In a discovery that could challenge the accepted scientific view of stellar evolution, a team of researchers from Australia’s Monash University and an international team of colleagues have found evidence that a large group of stars in a nearby cluster are dying prematurely.
Monash PhD student Ben MacLean and professor John Lattanzio, along with researchers from the Max Planck Institute for Astrophysics and the Australian Astronomical Observatory (AAO), reported Thursday in the journal Monthly Notices of the Royal Astronomical Society that a large quantity of helium-burning stars are prematurely dying in the M4 globular cluster.
Globular cluster are among “the oldest objects in the universe,” Lattanzio said in a statement. “Although we have some ideas for what is going on in them, every time we look carefully we find something unexpected. They are both fascinating and frustrating at the same time.”
In this case, despite the fact that M4 is one of the nearest and brightest spherical collections of stars in our corner of the universe and has already been well studied, he and his colleagues made the startling discovery that about half of the stars found there tend to skip their red giant phases, becoming white dwarfs several million years earlier than they normally should.
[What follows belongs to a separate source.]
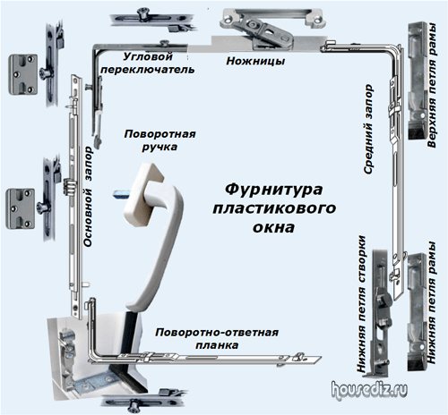 Le fonctionnement fiable du châssis est assuré par des ferrures - un ensemble d'éléments métalliques supplémentaires qui créent différents modes de fonctionnement de la fenêtre.

Scientists searching for an explanation for this unusual phenomenon
MacLean, Lattanzio and their colleagues used a new instrument outfitted on the AAO’s Anglo Australian Telescope (AAT) called a high efficiency and resolution multi-element spectrograph or HERMES for short. Using this device, they were able to determine the chemical composition of stars in M4 using their starlight, which led them to the startling discovery.
The findings build upon previous research at Monash University which found similar premature star deaths in another globular cluster, NGC 6752. However, the stars in that cluster were sodium rich, study author Dr. Simon Campbell, adding that it was “totally unexpected” to witness similar premature stellar deaths en masse in a “normal” star cluster like M4. However, the authors of the new study have reported that all early deaths involved sodium-rich, oxygen poor-stars.
The causes of this phenomenon remain unknown, and models of the affected stars have not been able to predict their premature deaths, according to the research team. Moving forward, Lattanzio said that he and his colleagues will need to develop new computer simulations that improve upon existing models and which will better demonstrate what is happening in these stars’ cores.
AAO researcher Dr. Gayandhi De Silva also praised the HERMES instrument, which made it possible for the AAT telescope to analyze the chemical composition of as many as 400 stars at the same time. De Silva said that the spectrograph “represents a significant step forward for Australia’s observational capacity” because “it combines multi-object capability with high data quality. Otherwise we are limited to observing one star at a time.”